産業財産権Q&A

Q13

部分意匠という言葉を聞いたのですが、意匠が物品の一部分でも登録が認められるのでしょうか?

A

 部分意匠は平成10年から採用されている制度で、物品の一部分について意匠登録を認めるというものだ。意匠登録出願は物品のデザインを保護するためのもの で、原則として物品全体の六面図(正面図、背面図、左側面図、右側面図、平面図、底面図)の提出が必要である。特許庁では提出された図面等をもとに過去に おいて同じようなデザインが公知になっていないか、先願で同じようなデザインのものがないか等を審査して意匠権を与えている。そして、登録意匠と同一また は類似する意匠を他人が実施した場合は意匠権の侵害となる。

 ところが、登録意匠の一部分だけを模倣した(一部分だけが似た)物品を製造、販売した場合に意匠全体としては非類似になってしまうことがある。

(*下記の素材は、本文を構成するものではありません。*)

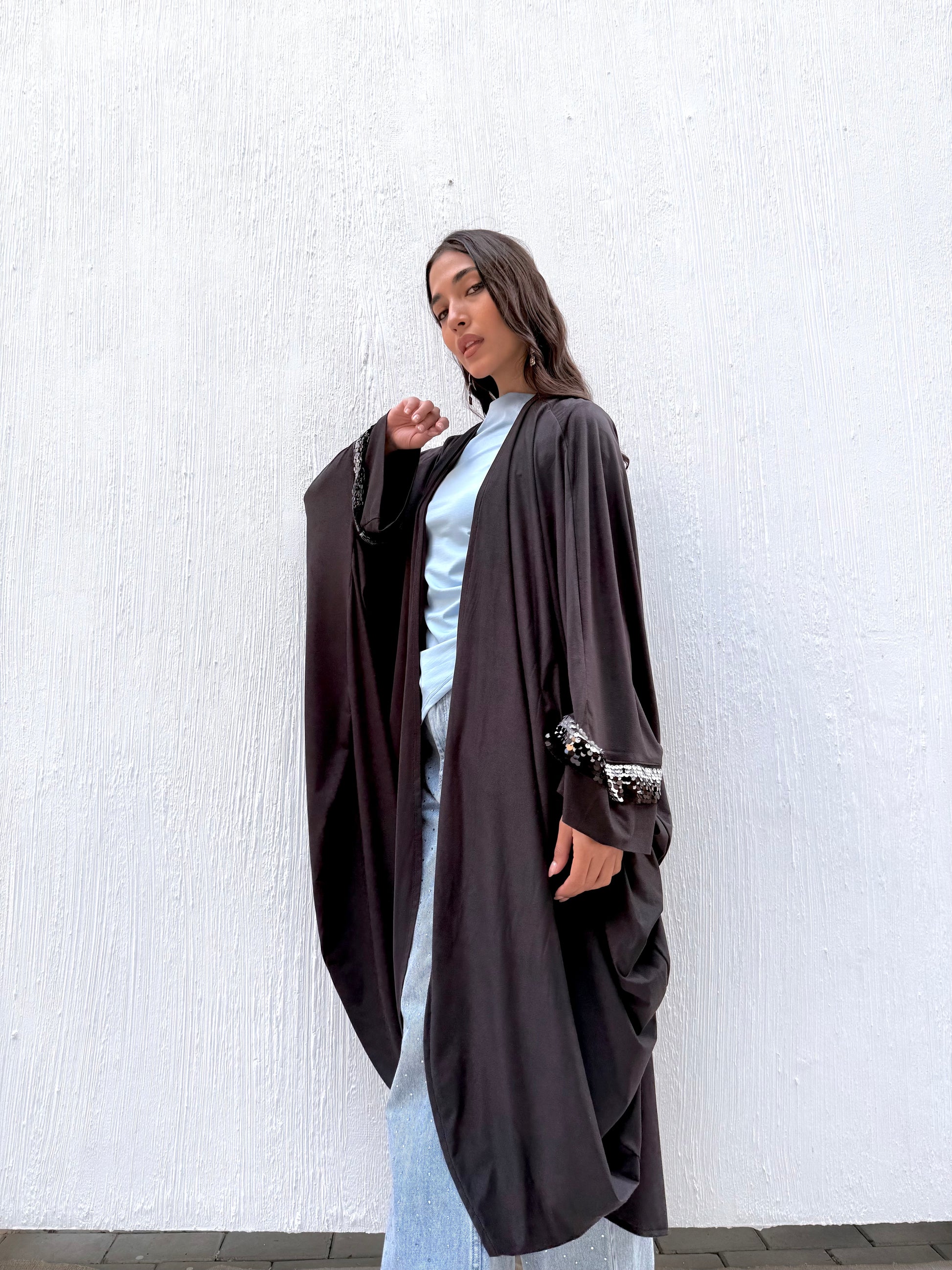 • Finished with wide sleeves accented by subtle sequin detailing for a refined statement
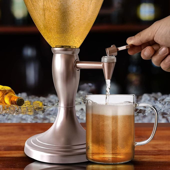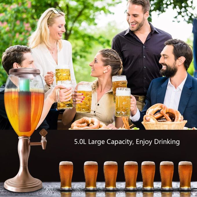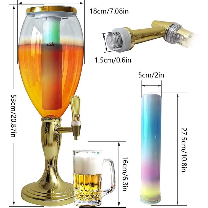 3L Beer Tower Dispenser, Tabletop Beer Tower with LED Lights,Tap And Removable Freeze Ice Tube, Durable Beverage Tower Dispenser Perfect for Party Home Bar Family Buffet Restaurant UNIQUE GIFT FOR BREW ENTHUSIASTS: The Beer Tower is the perfect gift for any brew enthusiast. Makes a great gift and souvenir for all festive and non-festive occasions such as birthdays, anniversaries,Gameday, party, Father’s Day, Christmas, New year, Thanksgiving, Halloween, and more! it’s a beer accessory that will always stand out. Name: 5L Beer Tower Drink Dispenser w/Tap, Freeze Tube, Led Light To Keep Beverages Ice Cold Large Beverage Tower Dispenser for Bar Family Buffet Restaurant FEATURES. Transparent Container Removable Ice Tube Steel core faucet Steady Flow LED Lights 【PREMIUM STURDY BASE】Our weighted, solid plastic base ensures that your beer tower will never tip while dispensing drinks. There are several rubber bumps on the bottom to increase the beer dispenser friction with the countertop. It locks when twist and is easily removable for cleaning. 【EXTRA LARGE CAPACITY】The capacity of this beverage tower dispenser is 5L/5.3 Qt, about 170 oz. Enough for a whole party night. There is a removable ice tube inside it for ice cubes.On party night, turn on the colorful LED lights of the beer tower, enjoy the cold fresh beers, which will bring you a different experience. 【WITH SPIGOT AND STAND】The liquid flows out at an appropriate speed, neither too fast to splash on clothes nor too slow to wait for a long time. The nozzle of the tap is made of metal to resist corrosion.It can be dispense cold beer, cocktail, whiskey, soda, fruit juice, margarita, champagne, etc
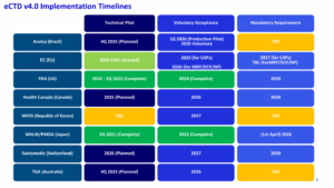 - What are the Health Authority timelines for eCTD v4.0 implementation?
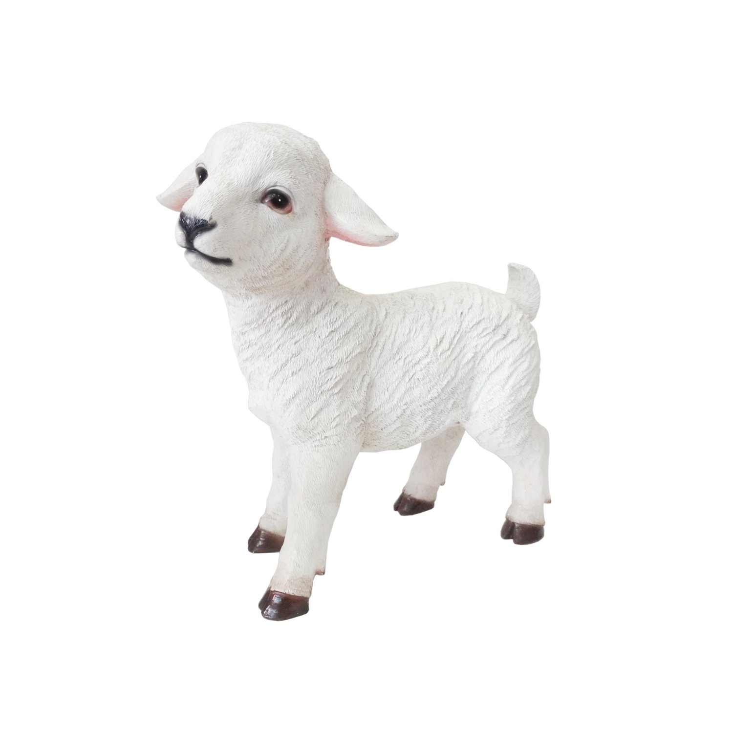 Osnova figure je poliesterska smola, materijal koji se često koristi za ukrasne predmete visoke kvalitete. Polyresin omogućuje precizno oblikovanje detalja, pa su sve linije, oblici i teksture ovčice lijepo naglašene – od meke, blago valovite „vune” do sitnih crta lica koje joj daju živahan i prijateljski izraz. Površina je premazana posebnim zaštitnim slojem koji sprječava blijeđenje boja i oštećenja od UV zraka ili vlage. Tako će figura još godinama zadržati svoj blagdanski sjaj.
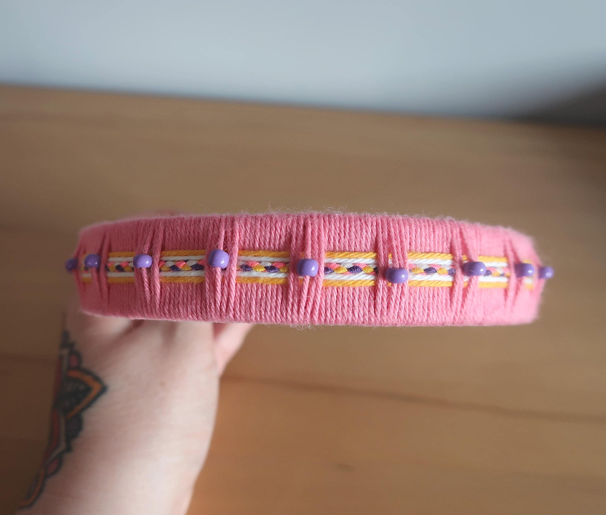 Für diesen Haarreif habe ich einen Plastikstreifen mit Baumwollgarn umwickelt und auf einen Metallhaarreifen geklebt. Die Innenseite des Haarreifs ist für einen sauberen Look mit grauem Baumwollschrägband ausgekleidet. Die Enden sind für einen bequemen Sitz mit schwarzem Schrägband eingefasst.
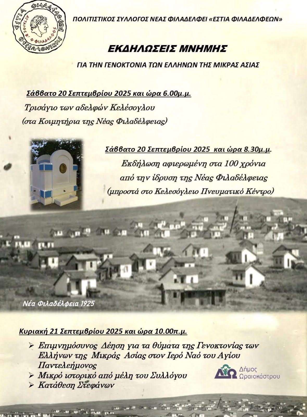 Σάββατο, 20 Σεπτεμβρίου 2025, 20.30, Εκδήλωση αφιερωμένη στη συμπλήρωση 100 χρόνων από την ίδρυση της Νέας Φιλαδέλφειας, στο χώρο μπροστά από το Κελεσόγλειο Πνευματικό Κέντρο.

 これでは意匠権者を十分に保護できないことから、部分意匠登録制度が採用された。部分意匠の例としては、ダルマの置物で顔のデザインだけについて意匠登録されたもの、カメラの意匠で鏡筒やレンズのデザインだけについて意匠登録されたもの等がある。
 部分意匠の出願をする場合には、部分意匠として登録を求める部分が分かるように、例えば登録を求める部分を実線で、他の部分を破線で表した図面の提出が必要である。